• [Extracted material]:
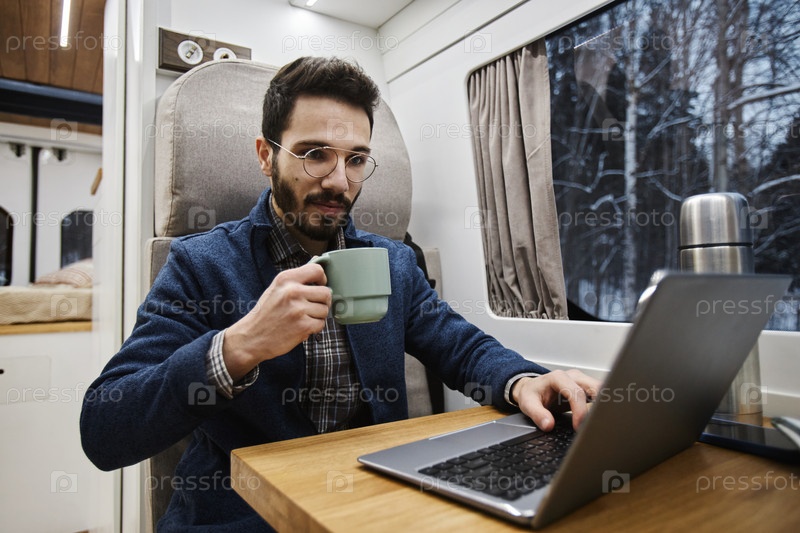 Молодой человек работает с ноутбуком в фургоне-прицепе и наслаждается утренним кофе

* * *

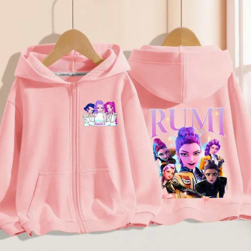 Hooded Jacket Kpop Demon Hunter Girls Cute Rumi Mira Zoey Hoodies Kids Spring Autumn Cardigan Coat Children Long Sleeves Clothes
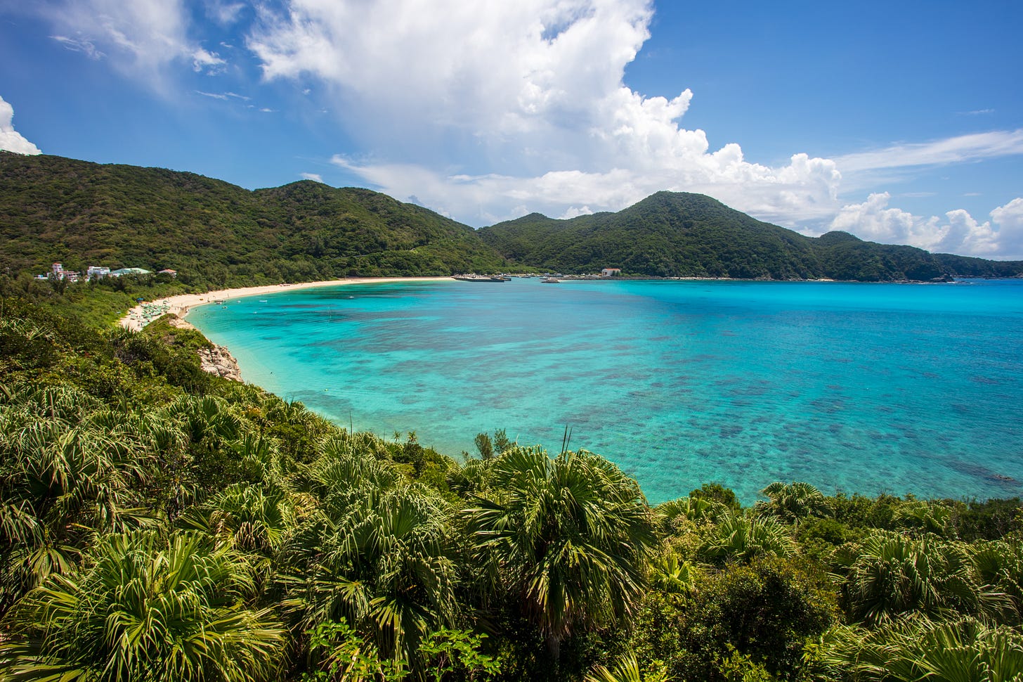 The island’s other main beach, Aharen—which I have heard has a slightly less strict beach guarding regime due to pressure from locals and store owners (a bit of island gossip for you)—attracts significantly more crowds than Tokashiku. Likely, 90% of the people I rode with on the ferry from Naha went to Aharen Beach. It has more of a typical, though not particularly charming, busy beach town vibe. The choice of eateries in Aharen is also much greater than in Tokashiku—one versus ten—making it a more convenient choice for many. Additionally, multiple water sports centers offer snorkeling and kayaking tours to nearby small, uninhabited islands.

• [Assignment]: Output only the lines above from the line that holds "Hooded Jacket Kpop" through the line that holds "The island’s other", both ends included, and exclude pictures.

• [Exercise output]:
 Hooded Jacket Kpop Demon Hunter Girls Cute Rumi Mira Zoey Hoodies Kids Spring Autumn Cardigan Coat Children Long Sleeves Clothes
 The island’s other main beach, Aharen—which I have heard has a slightly less strict beach guarding regime due to pressure from locals and store owners (a bit of island gossip for you)—attracts significantly more crowds than Tokashiku. Likely, 90% of the people I rode with on the ferry from Naha went to Aharen Beach. It has more of a typical, though not particularly charming, busy beach town vibe. The choice of eateries in Aharen is also much greater than in Tokashiku—one versus ten—making it a more convenient choice for many. Additionally, multiple water sports centers offer snorkeling and kayaking tours to nearby small, uninhabited islands.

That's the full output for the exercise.